# What the task asks
Reproduce the records below exactly, leaving out any pictures.

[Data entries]
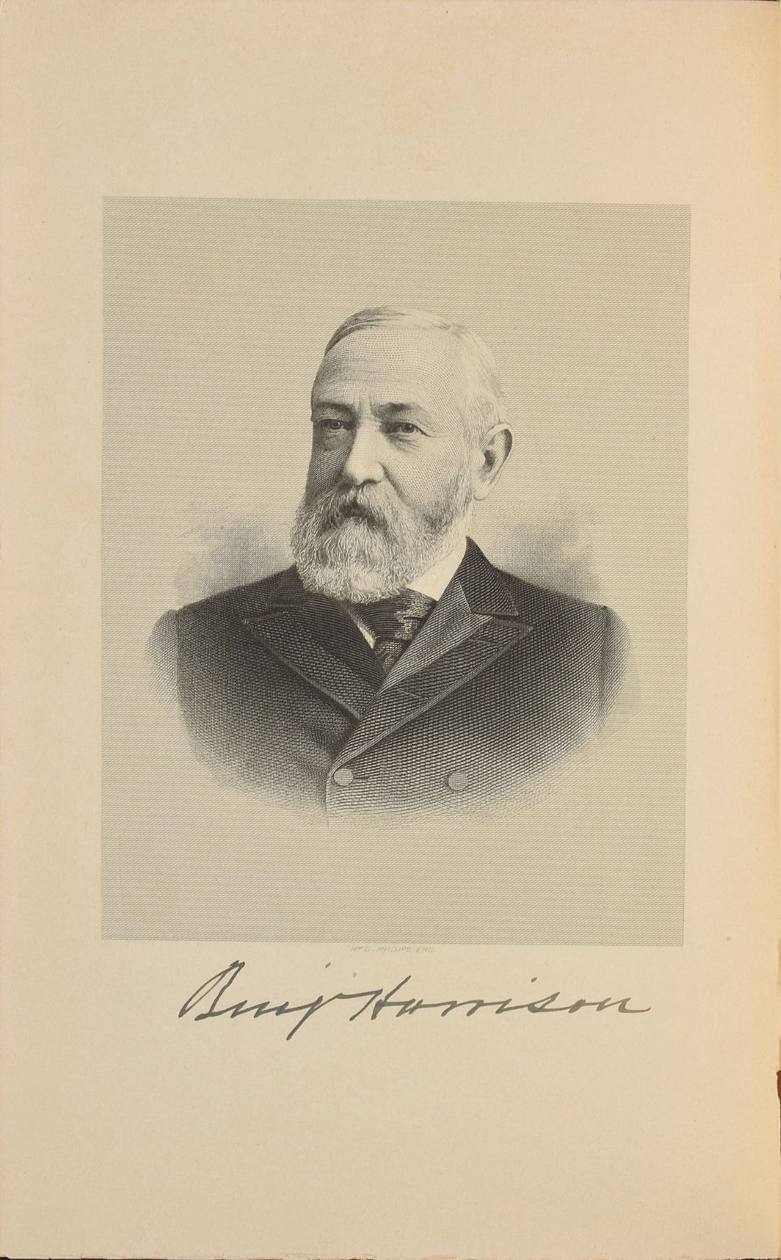 Signed book: The Seventieth Indiana. Extremely rare, little-known signed edition. Indianapolis: The Bowen-Merrill Company, 1900. Hardcover, 6.25 x 9.25, 372 pages. Signed on the frontispiece in ink, “Benj. Harrison.” Autographic condition: fine. Book condition: VG/None, with a split to the front pastedown at the hinge, and minor wear at spine ends. The first edition, first printing of The Seventieth Indiana bears a printed facsimile signature on the frontispiece, while this special edition was left blank and authentically signed by Harrison; he only signed about a hundred of these volumes in the year before he died. The special signed edition is also differentiated by the gilt upper textblock edge.
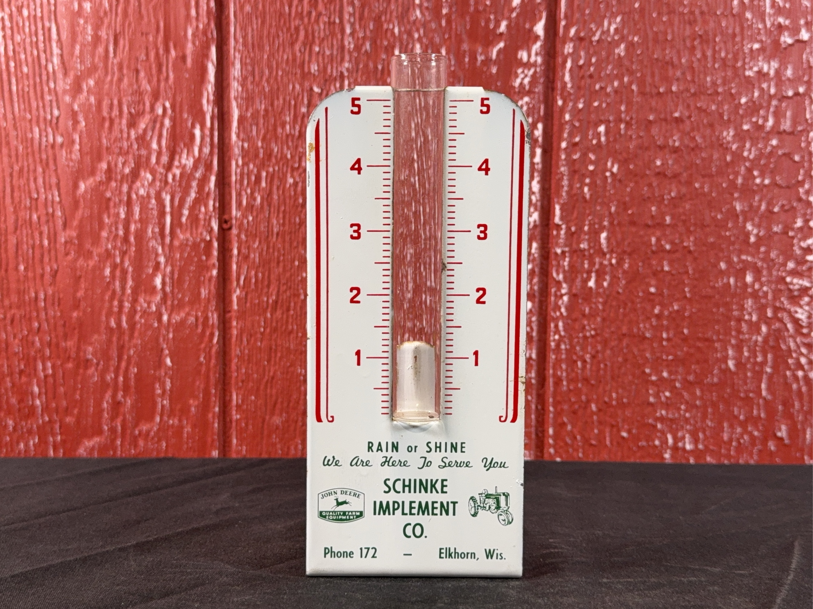 John Deere rain gauge from Schinke Implement Co. Shows light wear with some rust.
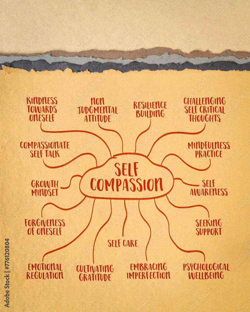 self compasion concept, treating oneself with kindness, understanding, and empathy, mind map sketch on art paper
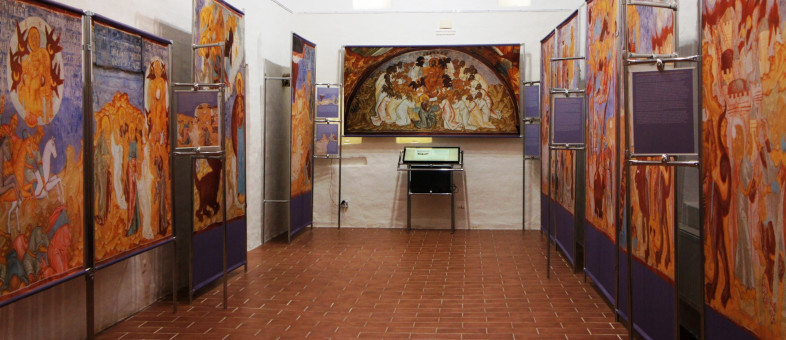 Фотоэкспозиция включает 16 полотен с качественными изображениями расписных стен Троицкого собора в Даниловом монастыре Переславля-Залесского. Их автор – костромской иконописец XVII столетия Гурий Никитин.
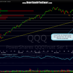 here’s the updated 120 minute QQQ chart along with the last one posted on friday. as you can see, we gapped down from the bearish pennant (also on the SPY) on monday and prices moved back up to made a re-test of the pattern from below where they turned back down and found support on that key uptrend line. watching that line closely as once/if prices break below it, the next wave of selling will likely be ushered in. with today being wednesday, barring any negative economic news between now & friday, the market could possible hold up until the FacePlant IPO (yes, my thoughts are that IPO will fall flat on it’s “face” and if so, that could be a major psychological blow to the market). however, even if FB holds up or closes up big on friday, which is common with most hot IPO’s, the true test will be to see what the follow-thru buying (or selling) looks like over the next couple of weeks. i will also be curious to see if FB acts like a vacuum, sucking $$ out of AAPL as both stocks probably attract the same type of retail buyers. 60 min QQQ follows the 120 min charts below to give a zoom-in of the recent technical action.
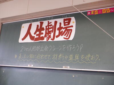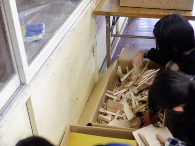 図工では、「人生劇場」というタイトルで、小さな人の模型の姿をもとに、それを取り巻く世界を立体で作り上げていきます。まだ、始まったばかりの授業ですが、座っている人の模型のために、木工作の端切れからベンチを作ったり、その周囲に生えている木を作ったりし始めていました。これからどのような世界が出来上がるのかが楽しみです。
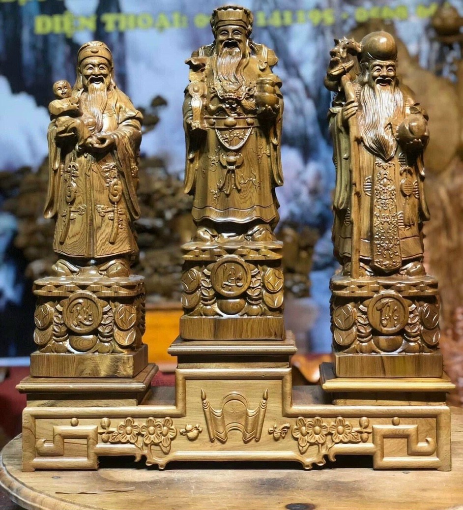 _ Bộ tam đa phúc lộc thọ được trạm khắc ,khá tinh sảo tỉ mỉ .Đi hầu hết tất cả mọi chi tiết góc ngách nội dung hoa văn của tượng đều được gọt tỉa chỉnh sửa sắc nét hoàn toàn bằng tay thủ công .Đồng thời tượng được kiểm định kỹ lưỡng khắt khe ,như cho vào thẩm sấy cho gỗ khô kiệt .Mục đích trống dập nứt vênh mo mối mọt .Kết hợp với trà nhám ,Đánh giấy giáp nhiều nước sờ mát lạnh .Rồi cho vào phun lót làm bóng mờ ,để giữ lại mầu sắc vân gỗ tự nhiên .Bộ combo tam đa phúc lộc thọ và kệ tam cấp được làm và hoàn thiện ,Do bàn tay khối óc tài hoa ,Từ những người thợ dầy rặn kinh nghiệm ,Cũng như tay nghề cao trong làng nghề truyền thống .Chính vì thế bộ tam đa phúc lộc thọ đã đáp ứnc đầy đủ mọi tiêu trí ( Đẹp bền rẻ ) Thẩm mỹ nghệ thuật với chất lượng tuyệt vời
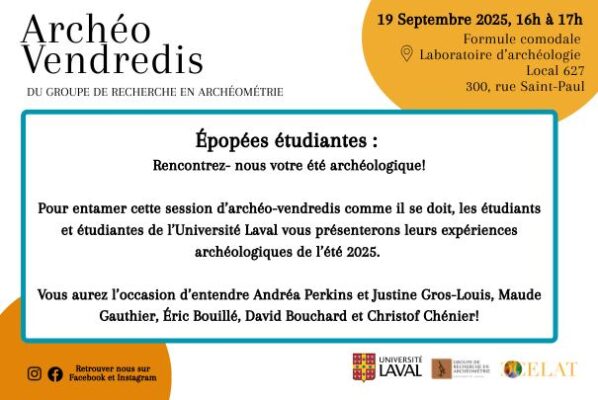 Le Groupe de recherche en archéométrie vous invite au premier Archéo-vendredi du trimestre, consacré aux épopées étudiantes, ce vendredi 19 septembre à 16 h aux Laboratoires d’archéologie de l’UL (salle 627) et sur Zoom. Venez entendre Andréa Perkins et Justine […]
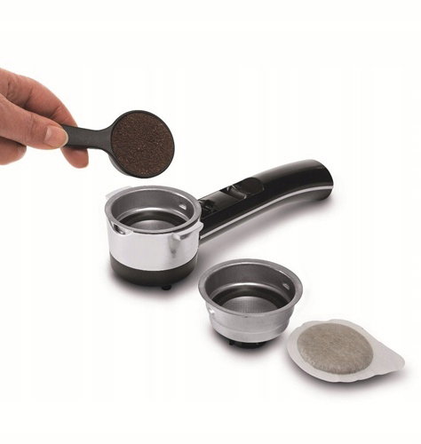 - Produkt wyposażony został w specjalny adapter Filtr Crema, który umożliwia stosowanie w ekspresie zarówno kawy w saszetkach, jak i mielonej.
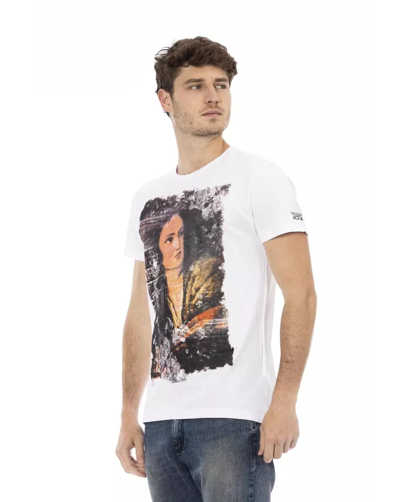 Men’s 2XL white cotton T-shirt with round neck, short sleeves, and bold front print for breathable comfort and versatile styling.
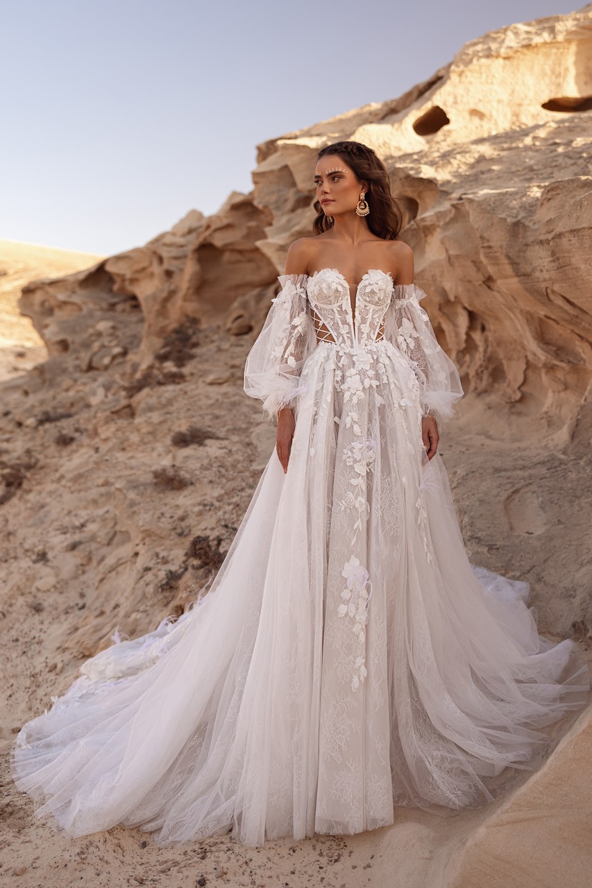Το φόρεμα Huda είναι φτιαγμένο για νύφες που θέλουν ένα φόρεμα που να δίνει μια δυναμική αλλά και ρομαντική αίσθηση. Ο δομημένος κορσές με το εκτεθειμένο τελείωμα σμιλεύει τη μέση, ενώ τα μανίκια με τους έξω ώμους σε σχήμα φουσκωτού στελέχους προσδίδουν απαλότητα και κίνηση. Οι λεπτομέρειες από δαντέλα και τα φλοράλ απλικέ δημιουργούν βάθος σε όλο το μπούστο και ρέουν άψογα σε μια ανάλαφρη φούστα. Μια μακριά, διάφανη ουρά ολοκληρώνει το look, προσθέτοντας μια αίσθηση δράματος χωρίς να χάνει την άνεση. Το Huda είναι η ιδανική επιλογή αν ψάχνετε για ένα νυφικό που θα κάνει τη διαφορά από τη στιγμή που θα μπείτε στο δωμάτιο.
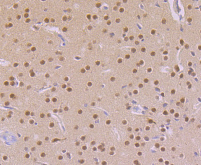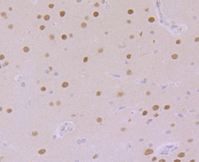 Immunohistochemical analysis of paraffin-embedded mouse brain tissue using anti-CAMKIV antibody. The section was pre-treated using heat mediated antigen retrieval with sodium citrate buffer (pH 6.0) (high pressure) for 2 minutes. The tissues were blocked in 5% BSA for 30 minutes at room temperature, washed with ddH2O and PBS, and then probed with the primary antibody (ET7107-96, 1/200) for 30 minutes at room temperature. The detection was performed using an HRP conjugated compact polymer system. DAB was used as the chromogen. Tissues were counterstained with hematoxylin and mounted with DPX.

# The answer
 Signed book: The Seventieth Indiana. Extremely rare, little-known signed edition. Indianapolis: The Bowen-Merrill Company, 1900. Hardcover, 6.25 x 9.25, 372 pages. Signed on the frontispiece in ink, “Benj. Harrison.” Autographic condition: fine. Book condition: VG/None, with a split to the front pastedown at the hinge, and minor wear at spine ends. The first edition, first printing of The Seventieth Indiana bears a printed facsimile signature on the frontispiece, while this special edition was left blank and authentically signed by Harrison; he only signed about a hundred of these volumes in the year before he died. The special signed edition is also differentiated by the gilt upper textblock edge.
 John Deere rain gauge from Schinke Implement Co. Shows light wear with some rust.
 self compasion concept, treating oneself with kindness, understanding, and empathy, mind map sketch on art paper
 Фотоэкспозиция включает 16 полотен с качественными изображениями расписных стен Троицкого собора в Даниловом монастыре Переславля-Залесского. Их автор – костромской иконописец XVII столетия Гурий Никитин.
 here’s the updated 120 minute QQQ chart along with the last one posted on friday. as you can see, we gapped down from the bearish pennant (also on the SPY) on monday and prices moved back up to made a re-test of the pattern from below where they turned back down and found support on that key uptrend line. watching that line closely as once/if prices break below it, the next wave of selling will likely be ushered in. with today being wednesday, barring any negative economic news between now & friday, the market could possible hold up until the FacePlant IPO (yes, my thoughts are that IPO will fall flat on it’s “face” and if so, that could be a major psychological blow to the market). however, even if FB holds up or closes up big on friday, which is common with most hot IPO’s, the true test will be to see what the follow-thru buying (or selling) looks like over the next couple of weeks. i will also be curious to see if FB acts like a vacuum, sucking $$ out of AAPL as both stocks probably attract the same type of retail buyers. 60 min QQQ follows the 120 min charts below to give a zoom-in of the recent technical action.
 図工では、「人生劇場」というタイトルで、小さな人の模型の姿をもとに、それを取り巻く世界を立体で作り上げていきます。まだ、始まったばかりの授業ですが、座っている人の模型のために、木工作の端切れからベンチを作ったり、その周囲に生えている木を作ったりし始めていました。これからどのような世界が出来上がるのかが楽しみです。
 _ Bộ tam đa phúc lộc thọ được trạm khắc ,khá tinh sảo tỉ mỉ .Đi hầu hết tất cả mọi chi tiết góc ngách nội dung hoa văn của tượng đều được gọt tỉa chỉnh sửa sắc nét hoàn toàn bằng tay thủ công .Đồng thời tượng được kiểm định kỹ lưỡng khắt khe ,như cho vào thẩm sấy cho gỗ khô kiệt .Mục đích trống dập nứt vênh mo mối mọt .Kết hợp với trà nhám ,Đánh giấy giáp nhiều nước sờ mát lạnh .Rồi cho vào phun lót làm bóng mờ ,để giữ lại mầu sắc vân gỗ tự nhiên .Bộ combo tam đa phúc lộc thọ và kệ tam cấp được làm và hoàn thiện ,Do bàn tay khối óc tài hoa ,Từ những người thợ dầy rặn kinh nghiệm ,Cũng như tay nghề cao trong làng nghề truyền thống .Chính vì thế bộ tam đa phúc lộc thọ đã đáp ứnc đầy đủ mọi tiêu trí ( Đẹp bền rẻ ) Thẩm mỹ nghệ thuật với chất lượng tuyệt vời
 Le Groupe de recherche en archéométrie vous invite au premier Archéo-vendredi du trimestre, consacré aux épopées étudiantes, ce vendredi 19 septembre à 16 h aux Laboratoires d’archéologie de l’UL (salle 627) et sur Zoom. Venez entendre Andréa Perkins et Justine […]
 - Produkt wyposażony został w specjalny adapter Filtr Crema, który umożliwia stosowanie w ekspresie zarówno kawy w saszetkach, jak i mielonej.
 Men’s 2XL white cotton T-shirt with round neck, short sleeves, and bold front print for breathable comfort and versatile styling.
Το φόρεμα Huda είναι φτιαγμένο για νύφες που θέλουν ένα φόρεμα που να δίνει μια δυναμική αλλά και ρομαντική αίσθηση. Ο δομημένος κορσές με το εκτεθειμένο τελείωμα σμιλεύει τη μέση, ενώ τα μανίκια με τους έξω ώμους σε σχήμα φουσκωτού στελέχους προσδίδουν απαλότητα και κίνηση. Οι λεπτομέρειες από δαντέλα και τα φλοράλ απλικέ δημιουργούν βάθος σε όλο το μπούστο και ρέουν άψογα σε μια ανάλαφρη φούστα. Μια μακριά, διάφανη ουρά ολοκληρώνει το look, προσθέτοντας μια αίσθηση δράματος χωρίς να χάνει την άνεση. Το Huda είναι η ιδανική επιλογή αν ψάχνετε για ένα νυφικό που θα κάνει τη διαφορά από τη στιγμή που θα μπείτε στο δωμάτιο.
 Immunohistochemical analysis of paraffin-embedded mouse brain tissue using anti-CAMKIV antibody. The section was pre-treated using heat mediated antigen retrieval with sodium citrate buffer (pH 6.0) (high pressure) for 2 minutes. The tissues were blocked in 5% BSA for 30 minutes at room temperature, washed with ddH2O and PBS, and then probed with the primary antibody (ET7107-96, 1/200) for 30 minutes at room temperature. The detection was performed using an HRP conjugated compact polymer system. DAB was used as the chromogen. Tissues were counterstained with hematoxylin and mounted with DPX.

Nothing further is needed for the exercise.